Il personale e l’inflazione: due punti dolenti, come li state gestendo?

“E’ molto complicato. Stiamo cercando di diventare più autonomi dal punto di vista energetico per cercare di ammortizzare questi aumenti dei costi che non possiamo in toto riversare sul consumatore. Con delle marginalità che si sono ridotte gradualmente dal 2000 in poi, diventa però sempre più difficile evitarlo.

Anche diventare autonomi ha un costo che andrà sostenuto. Magari nel 2023 sarà inevitabile aumentare la tazzina. Dopo il Natale si ragionerà ancora su questo aspetto, sperando che la situazione si sia stabilizzata.

Per quanto riguarda il personale, confermo che negli ultimi anni in particolare ciò che viene a mancare sono delle figure di età media (non giovani né troppo avanti) in grado di gestire le attività del punto vendita. Si trovano solo studenti con grande volontà che imparano il mestiere, hanno cordialità ma lo vedono come un mestiere di passaggio.

Manca la prospettiva. E quindi rimangono o le vecchie leve (da noi lavora ancora chi ha iniziato a 16 anni e ora è prossimo alla pensione) oppure i giovanissimi che se ne andranno. Manca quindi il professionista su cui contare, stabile, forte e capace di rapportarsi al cliente. Non è una questione di soldi.

Questo è un mestiere che è ancora visto come limitante: confrontarsi con il pubblico è molto faticoso ed è condizionante per la vita sociale a causa di turni, e delle mancate vacanze. A volte non si comprende che si potrebbe fare carriera spendendosi un po’ di più. Se si intende quello del barista come un lavoro da operaio, non diventerà mai attrattivo.

Noi ci affidiamo sempre a delle agenzie per la ricerca di personale e quindi procediamo così. Talvolta ci capita di assumere conoscenti di chi lavora già in azienda, ma avviene sempre meno ormai, proprio per evitare che si creino conflitti interni. Per il laboratorio invece ci appoggiamo anche alle scuole.

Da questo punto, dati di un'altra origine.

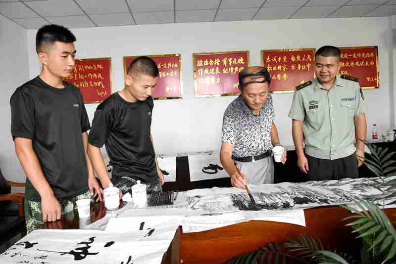 军地双方首先进行了亲切友好的座谈,各自汇报了工作开展情况。接着战士们带领文艺小分队的队员们参观了有关消防设施,进一步了解了消防安全知识。最后,十多位书画家们现场挥毫泼墨,以书画的形式向官兵送去节日的祝福,续写双拥优良传统,共绘军民鱼水情谊。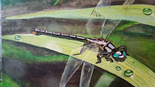 Пишем масляными красками Стрекозу. Какая польза от стрекозы? Видео релакс. Учимся писать капли воды, стрекозу.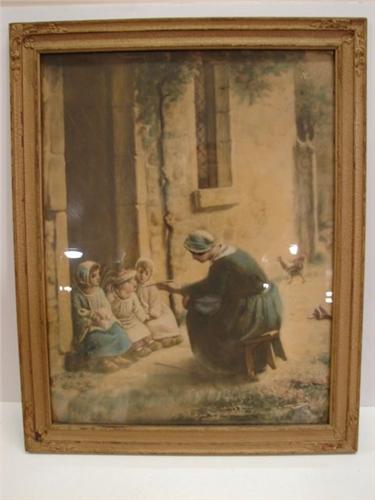 CHALK SKETCH ON PAPER. Depicts a peasant woman feeding three seated children. Marked in lower right “©8020”. Sketch rests in gilt wood & gesso frame that show loss to gesso at corners. 23.75” x 29.75” framed.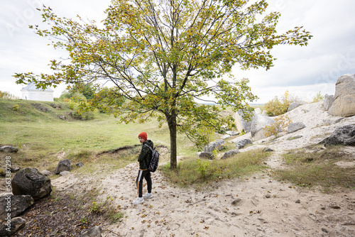 Fototapeta premium Boy wear backpack explore limestone stone cave at mountain in Pidkamin, Ukraine.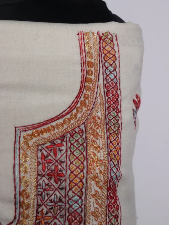 Prepared in polywool to retain warmth, this Kashmiri suits for winter come in white colour. This Kashmiri 3pc unstitched ensemble includes kameez, salwar and dupatta. It carry hand sozni and tilla floral neckline and booti embroidery.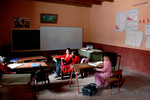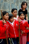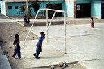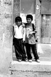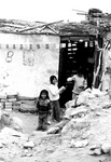 meisjes voor hun 'huis' in de sloppenwijk villa el salvador (Lima/Peru)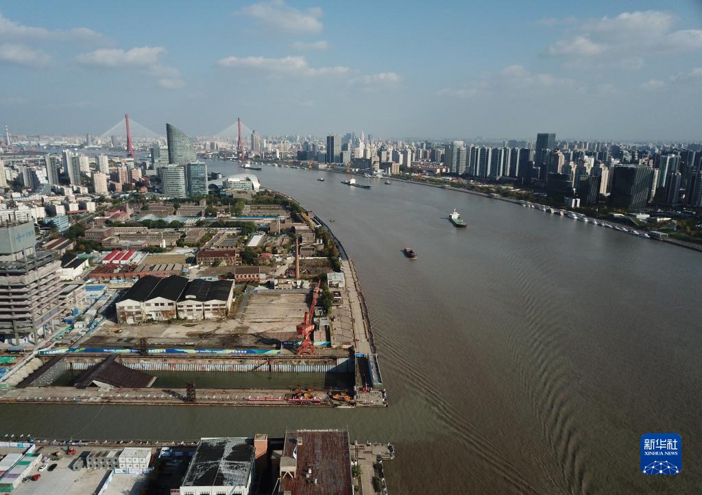 上海船廠(chǎng)舊址1號船塢已打開(kāi)閘門(mén),完成灌水,靜候長(cháng)江口二號古船(無(wú)人機照片,11月24日攝)。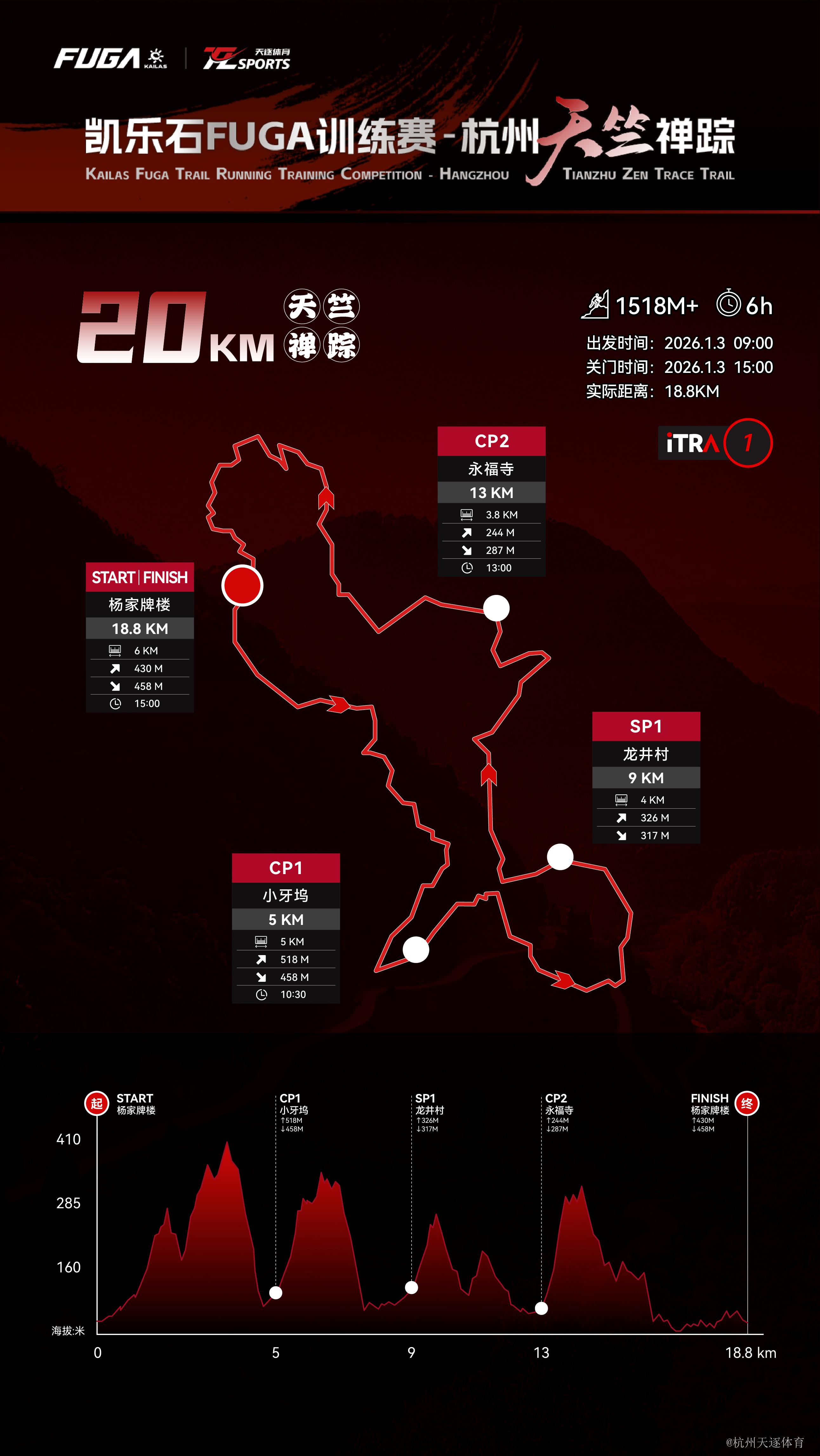 路线说明:起点杨家牌楼-永兴寺-石人亭-天竺山(又称天门山,最高海拔412.5m)-CP1小牙坞(5KM)-十里锒珰-寿星头-九溪十八涧-SP1龙井村(9KM)-梵音亭-天外第一桥-法喜寺-佛学院-CP2永福寺(13KM)-龙门亭-金鱼井-西溪谷-终点杨家牌楼(18.8KM)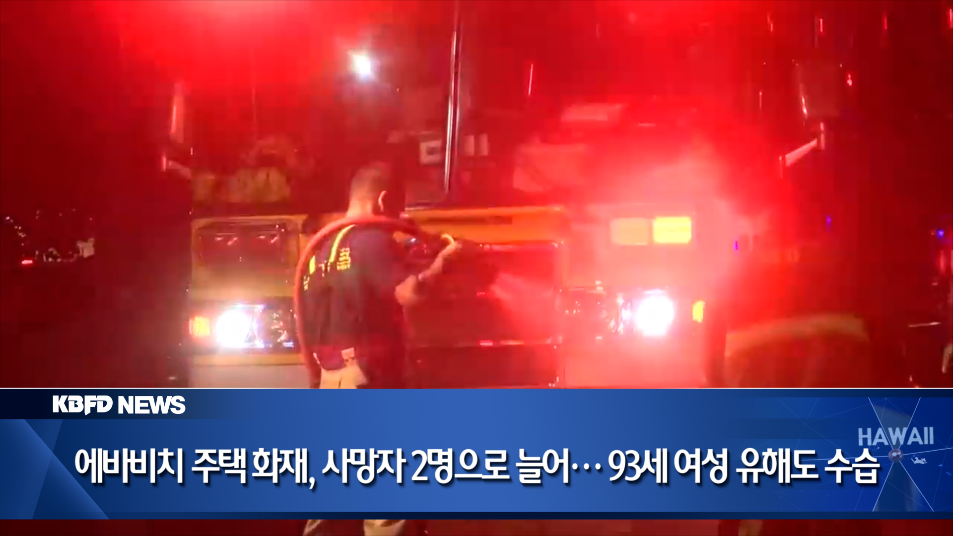 호놀룰루 소방국에 따르면 화재는 수요일 저녁 6시 35분쯤, 포트 위버 로드 91-471번지 주택에서 발생했습니다. 불이 났을 당시 주택 앞부분에서 강한 불길과 연기가 솟았으며, 뒷마당에 있던 별채 건물에도 불이 옮겨 붙은 것으로 전해졌습니다. 화재 현장에서는 93세로 추정되는 여성의 유해가 발견됐으며, 정확한 신원은 검시소에서 확인될 예정입니다. 또한 32세 여성과 50대 여성이 병원으로 이송됐으나, 이 가운데 32세 여성은 다음 날 오후 9시 15분경 숨졌다고 경찰이 밝혔습니다. 주택은 전소된 것으로 파악됐으며, 당국은 화재 원인을 조사중입니다.

Per il servizio in sala questo scambio non accade, perché per la parte del bar non troviamo qualcuno che sia formato a dovere dagli istituti. Un peccato, perché l’ospitalità dietro al bancone richiede competenze specifiche.”

Sul piano della sostenibilità cosa avete già adottato e cosa avete intenzione di fare?

“Vogliamo affrontare questo tema come gruppo, creando un insieme di laboratori, pasticcerie e panificatori. Perché la svolta sostenibile non può essere solo ridotta all’installazione di pannelli fotovoltaici, ma deve diventare una strategia integrata che impatti in maniera seria e concreta. Un’altra cosa importante è monitorare poi gli effetti di questo intervento: saremo appoggiati su questo aspetto da degli istituti di ricerca, che ci guideranno in questo percorso. Ne riparleremo presto.”

Progetti futuri per Sartori?

Tutto il team Sartori (foto concessa)

“Sicuramente vorremmo riuscire a completare l’offerta e a rimettere in pista tutto il mondo Sartori. In particolare ci concentreremo sulla parte dell’aperitivo salato, sulla pausa pranzo, e sul mondo dell’e-commerce da sviluppare che non siamo riusciti sino ad oggi a seguire per bene. E infine, organizzare di nuovo degli incontri con il pubblico. Vogliamo riportare armonia. E anche mandare avanti un progetto tutti insieme, ufficializzando il nostro concetto e approccio al cibo, condividendolo con gli altri colleghi. Si parla di un percorso a lungo termine.”